There is no love lost between Microsoft and Google when it comes to security patches.
Google last year disclosed a major bug in Windows before Microsoft was ready to patch it.
Microsoft was put-out by the public embarrassment, with Windows Chief Terry Myerson publishing a blog post that criticised Google for not disclosing security flaws responsibly.
One year later, and the spat between the technology companies rumbles on.
Microsoft unearthed a remote Chrome vulnerability last month, and has now penned a blog post about Google’s approach to security patches.
“We responsibly disclosed the vulnerability that we discovered along with a reliable remote code execution exploit to Google on September 14,” Microsoft Offensive Security Research team member Jordan Rabet writes.
Google was quick to patch the vulnerability in the beta version of Chrome, but the stable version of the app that most users will actually have installed “remained vulnerable for nearly a month”.
This would not usually be an issue, however, Google makes its source code available for free on Github (also known as Git) ahead of the update to the stable version of the app.
This allowed hackers time to uncover the flaw.

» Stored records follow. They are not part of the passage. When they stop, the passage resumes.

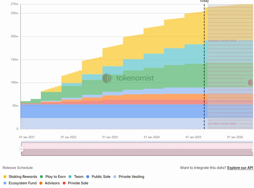 AXS 解锁共有三类对象,分别为团队 574 万枚(价值 1566 万美元)、游玩奖励 270 万枚(737 万美元)、质押奖励 65.2 万枚(178 万美元)。
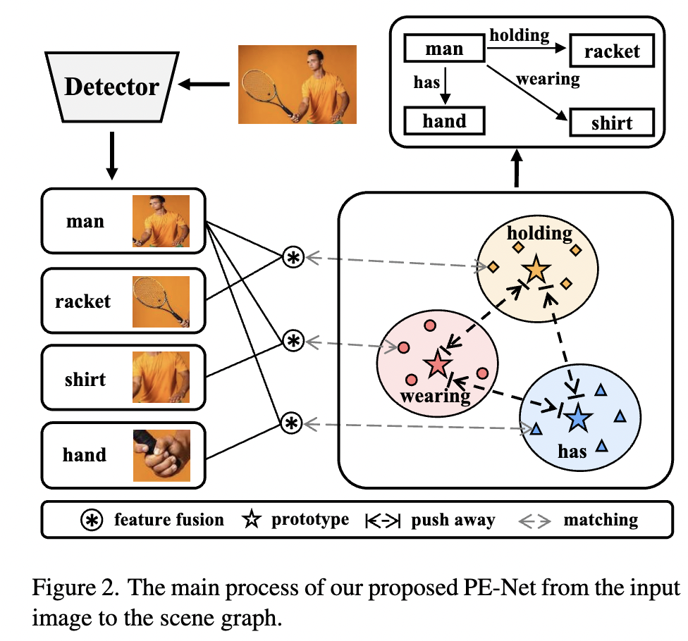Prototype-based Embedding Network (PE-Net)은 두 단계로 나눌 수 있습니다: 1) Prototype-based Modeling을 통해 압축적이고 구별 가능한 객체와 술어 표현을 생성합니다. 2) Prototype-guided Entity-Predicate Matching을 통해 관계 인식을 수행합니다.
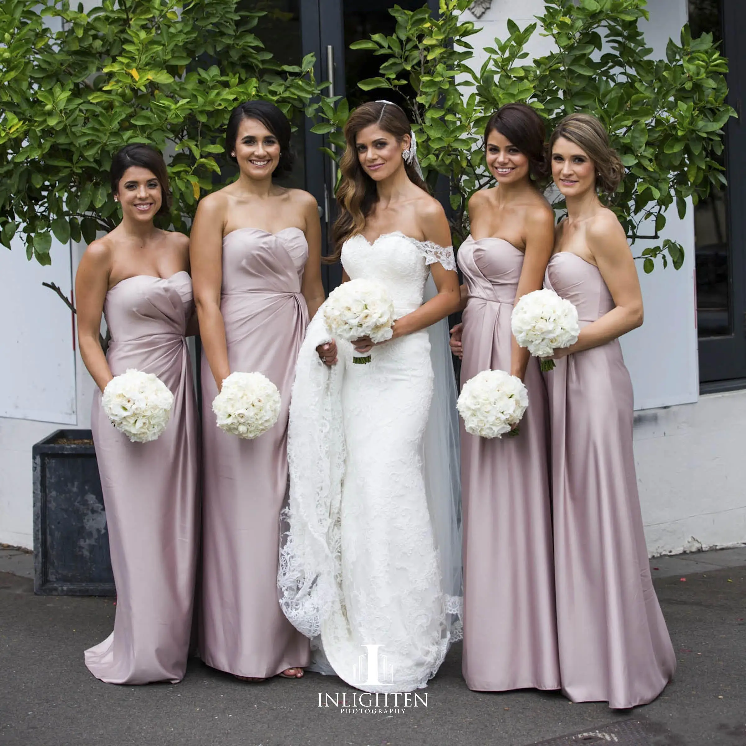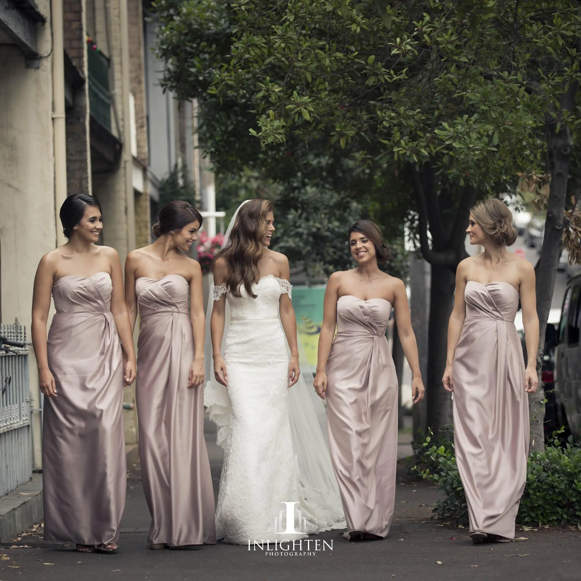 Женское длинное платье подружки невесты, телесное розовое платье-Ру...
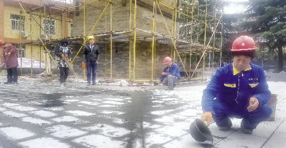 近日,记者在眉县县政府院内看到,一座楼阁式7层砖塔用围挡围着,塔身搭着脚手架,工人正在进行修葺。
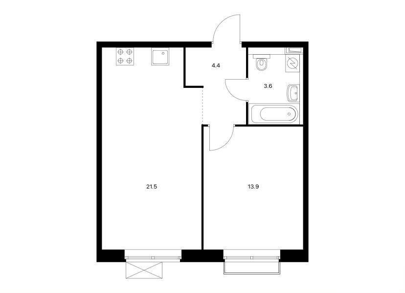 - Площадь: 43,4 м²
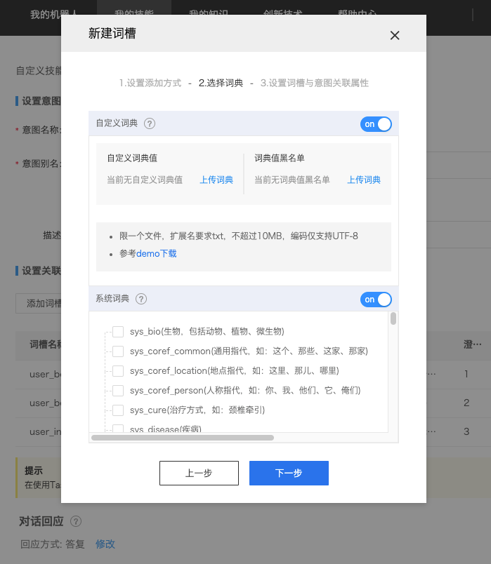 定义词槽的时候除了名称、别名等常规项外,需要给出一个词槽词典,词典中列举该词槽中可能出现的值,词典定义支持指定同义词近义词。这个词典除了可以由用户提供外,还可以选择系统的内置词典。从下图可以看出,系统词典是相当丰富的,除了名词,还包含了代词,百度在NLP领域的基本功在此可见一斑。为了防止误识别,还可以给出一个黑名单,在黑名单里的词不会识别为该词槽。
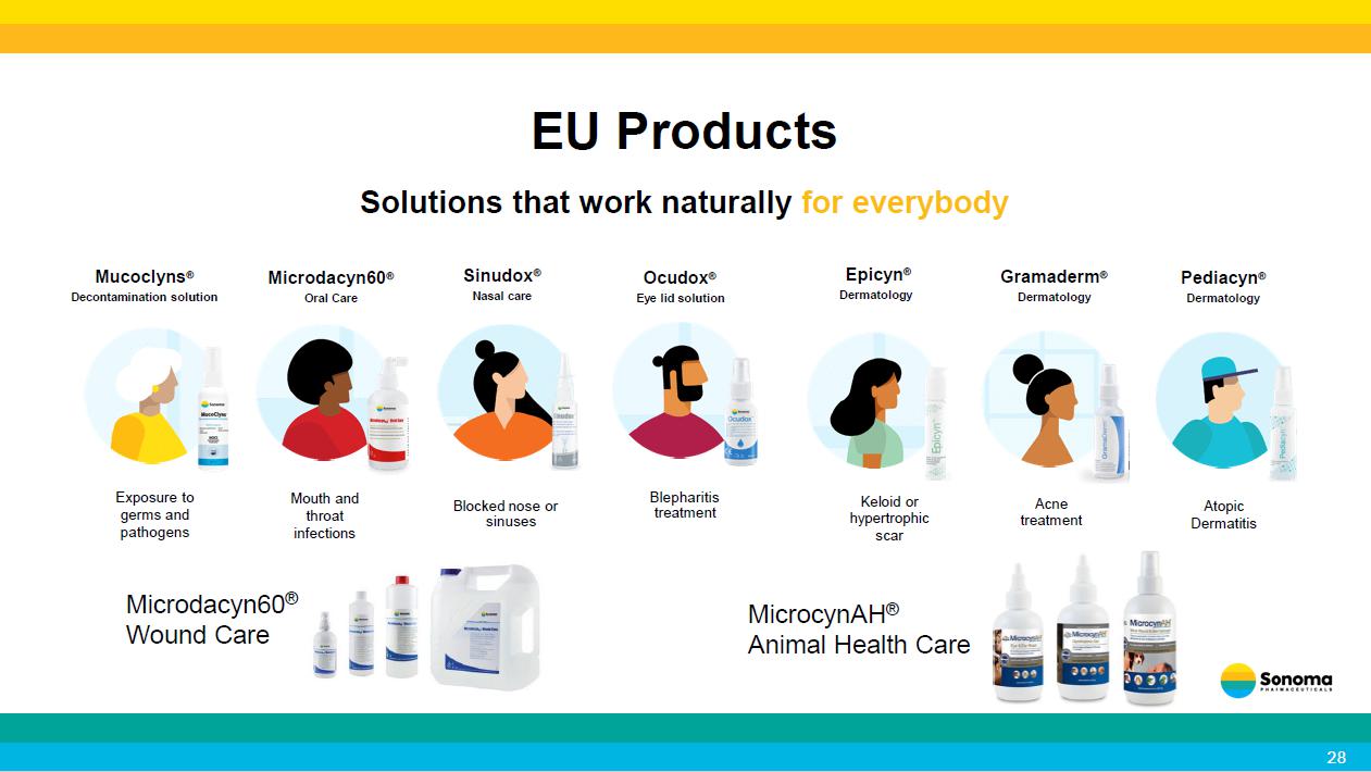 Epicyn ® Dermatology Gramaderm ® Dermatology Pediacyn ® Dermatology Mucoclyns ® Decontamination solution Microdacyn60 ® Oral Care Blocked nose or sinuses Sinudox ® Nasal care Blepharitis treatment Ocudox ® Eye lid solution Exposure to germs and pathogens Mouth and throat infections Keloid or hypertrophic scar Acne treatment Atopic Dermatitis Solutions that work naturally for everybody EU Products Microdacyn60 ® Wound Care MicrocynAH ® Animal Health Care 28
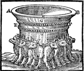 Description: The bronze sea made by Solomon for the temple, including the twelve cast oxen supporting the sea, with three each facing north, south, east, and west.
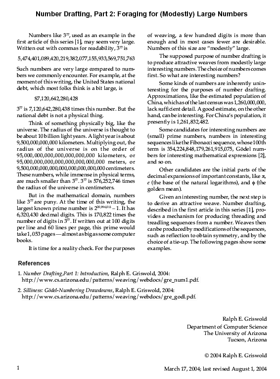 Griswold, Ralph E. From Drawdown to Draft -- A Programmer's View, 9 pages. Note: Last revised September 15, 2004. Posted September 15, 2004. FIRST PAGE. File size 488 KB PDF
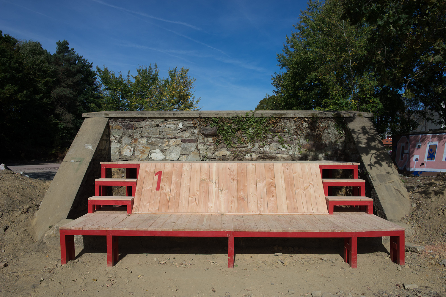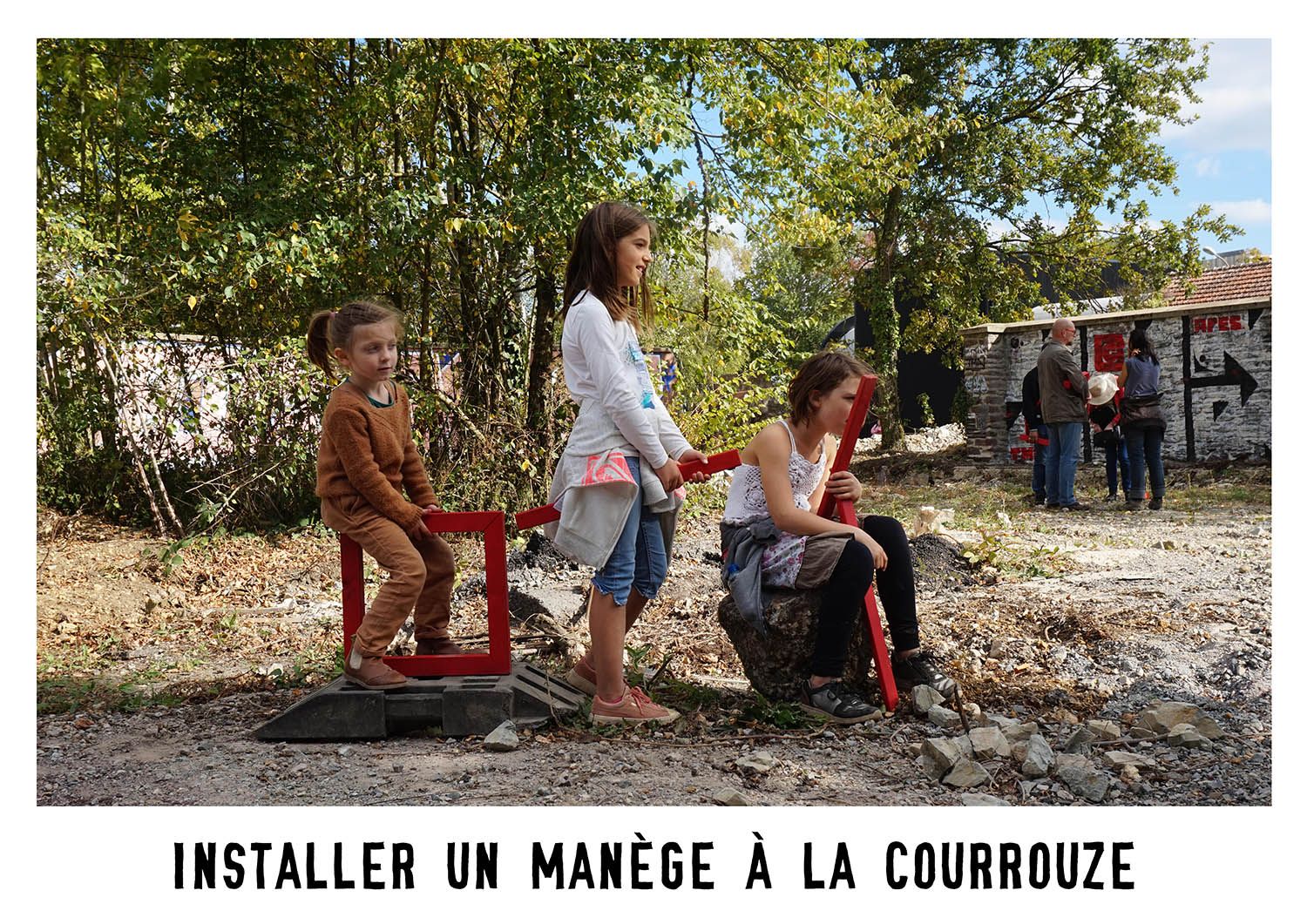 Ces ateliers ont permis de définir les accessoires nécessaires pour mener à bien les défis, les espaces à investir, les participants concernés. Au cours d’un grand week-end festif, les défis ont été relevés par des équipes constituées pour l’occasion. Cinq points de vue conçus par le collectif Tempête ont été matérialisés et répartis dans l’espace permettant aux équipes de prendre la photo du défi qu’elles souhaitaient mettre en scène. Au cours de cet événement plus d’une centaine d’images ont été réalisées et affichées dans le Pavillon de la Courrouze rendant très lisible les défis favoris. Ces représentations ont permis de prototyper les activités et usages souhaités dans l’espace public. Dans un second temps, nous avons analysé ces matériaux pour produire une « carte des préconisations des conditions à préserver et des aménagements et actions à réaliser » sur ce cœur de quartier qui a nourri le projet du studio Secchi-Vigano.
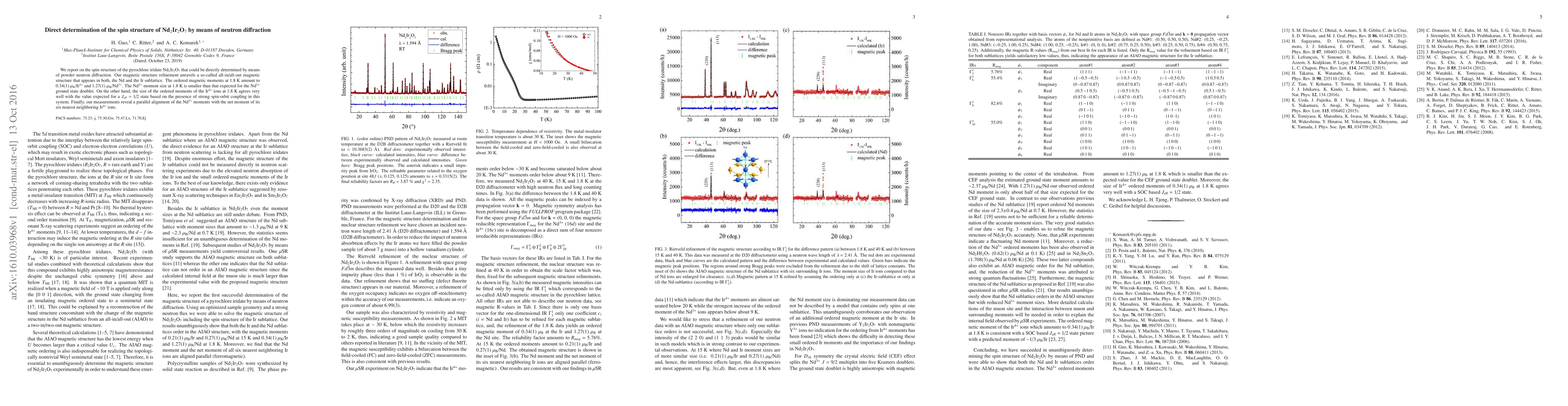 Researchers used neutron diffraction to determine the spin structure of Nd2Ir2O7, finding an all-in/all-out magnetic arrangement with ordered moments in both Nd and Ir sublattices.
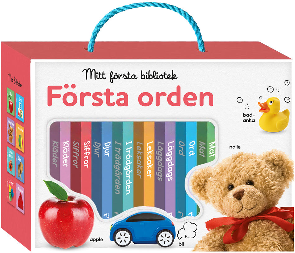Mitt första bibliotek: Första orden innehåller åtta stadiga pekböcker med tydliga, färgstarka bilder på saker som finns i vardagen. Det är både roligt och lärorikt för barnet att titta, peka och lära sig nya ord och koncept som siffror, koppling mellan ord och bild, samtidigt som ordförrådet utök... Lue lisää
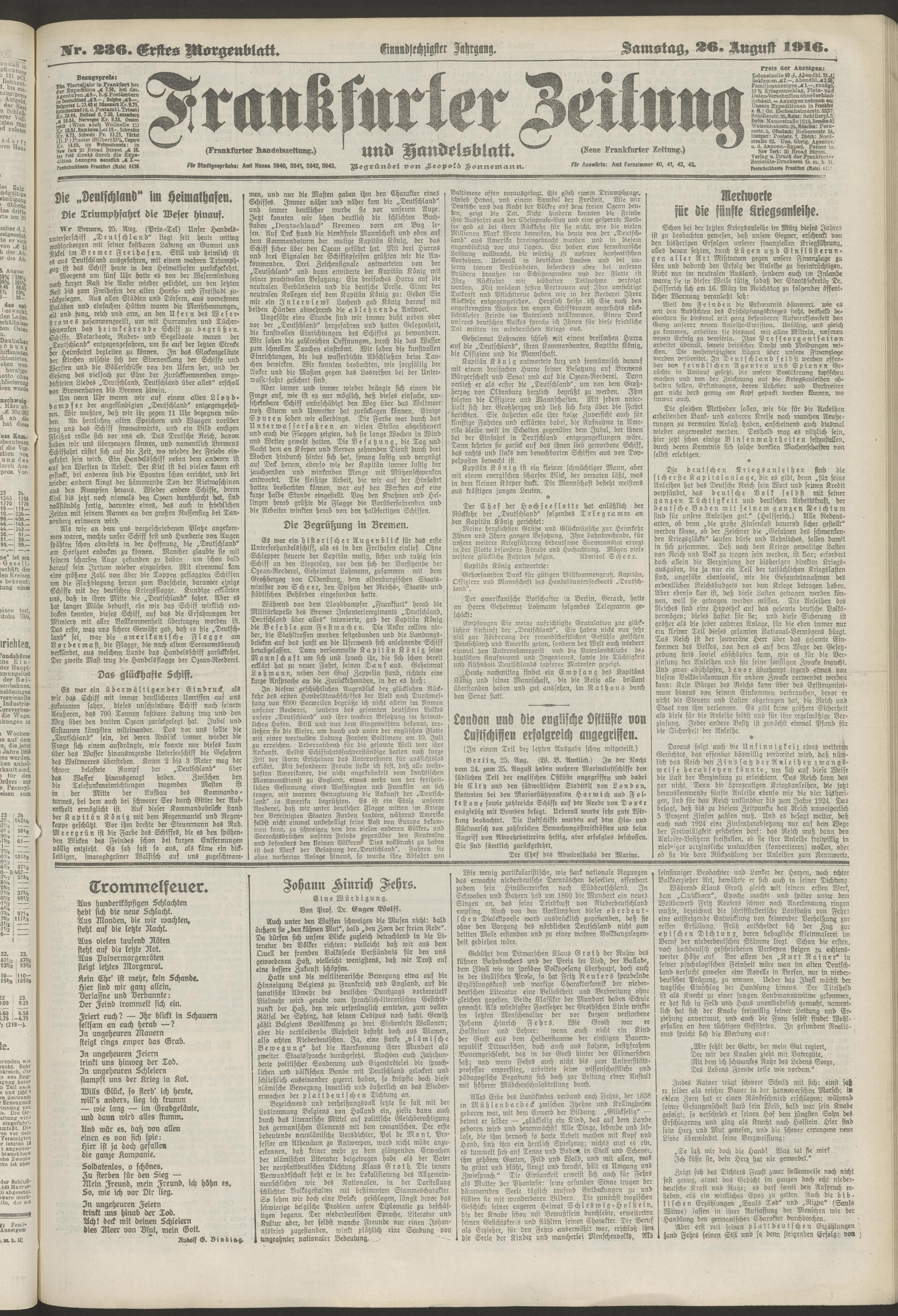 26.08.1916 = Nr. 236. Erstes Morgenblatt
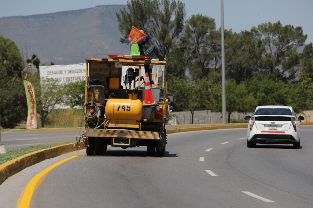 Para mejorar la seguridad vial, al sur de Saltillo, cuadrillas trabajaron en la delimitación de carriles viales con pintura amarilla sobre el bulevar Emilio Arizpe de la Maza.
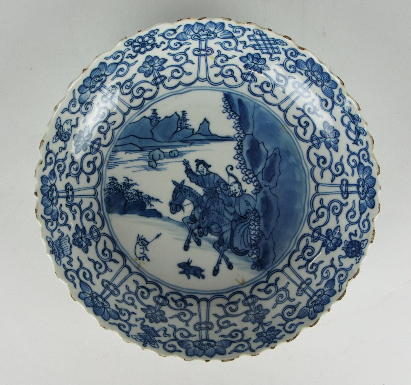 De schotel is gewelfd en heeft een standring, een gelobde wand en een geschulpte rand. Het plat heeft, binnen een dubbele cirkel, een decor van een landschap met bergen, rotsen, bomen, planten en een bewapende oosterse heer en dame te paard met een hondje, die een konijn of haas hebben aangeschoten met een pijl. Deze decoratie staat wel bekend als het 'Joosje te paard'-decor. De wand is gedecoreerd met rankwerk en bloemen. De buitenwand heeft een decor van bloemen op steel. Randschade. (Nederlands)
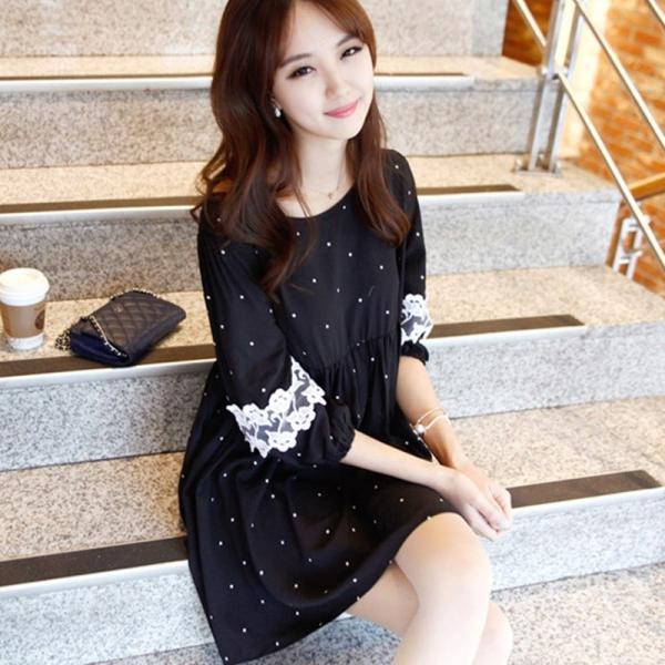 ワンピース ショート丈 ミニ丈 七分袖 ドット柄 花柄 レース ハイウエスト 切り替え ミニワンピース ガーリー 7分袖 スタイルアップ フレアワンピース 2017
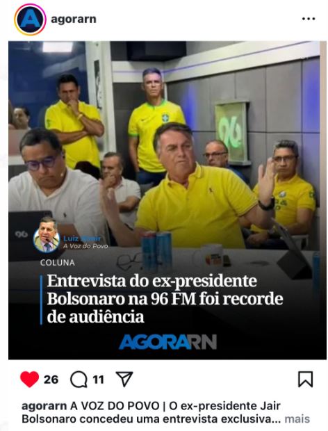 Já o noticiário local frisou o recorde de audiência da emissora no YouTube. Uma matéria publicada no Agora RN ressalta o sucesso da presença de Jair Bolsonaro na 96, que obteve mais de 9,2 mil usuários, de forma simultânea, acompanhando o programa Meio Dia RN.
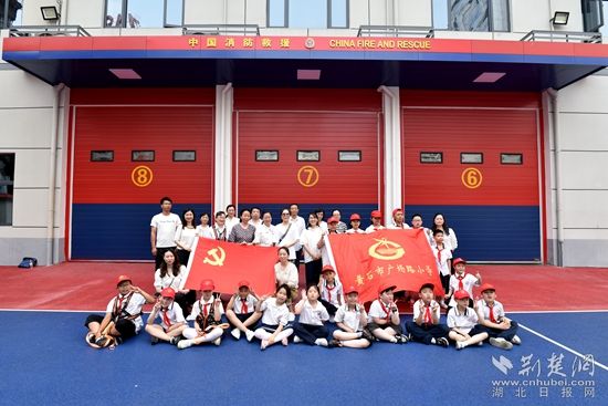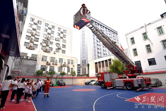 活動中,消防員帶領來自黃石市廣場路小學的40余名學生和老師參觀了各類消防車輛和器材裝備,詳細介紹了不同車輛、器材的功能和用途。
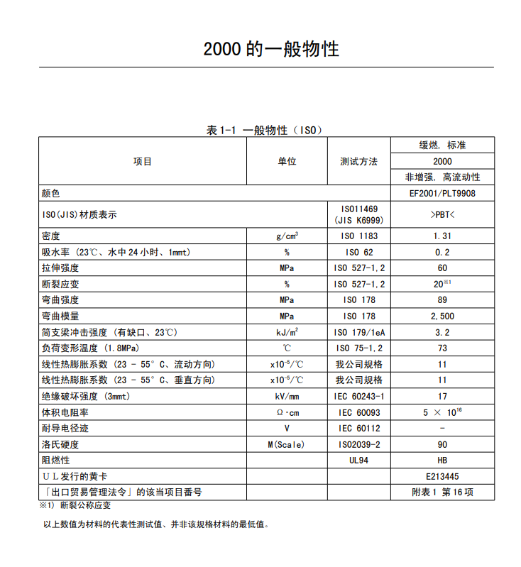昊恩塑膠貿(mào)易有限公司為您提供詳細(xì)的 日本-寶理 DURANEX PBT 2000 物性表參數(shù)。

The Microsoft security researcher blasts this approach, writing that it is “problematic when the vulnerabilities are made known to attackers ahead of the patches being made available”.
“In this specific case, the stable channel of Chrome remained vulnerable for nearly a month after that commit was pushed to git.
“That is more than enough time for an attacker to exploit it.”
Rabet cautions: “A single compromise through a web browser can have catastrophic results.”
Microsoft also uses the blog post to reiterate that it disclosed the bug in Chrome to Google privately – which it believes is the right approach for the industry.
Meanwhile, Google allows its engineers to disclose details of a vulnerability seven days after they have reported to vendors.
The California-based company has unearthed a number of security issues within Microsoft software, and has occasionally revealed details publicly before the products are patched.
“Our strategies may differ, but we believe in collaborating across the security industry in order to help protect customers,” Microsoft concludes.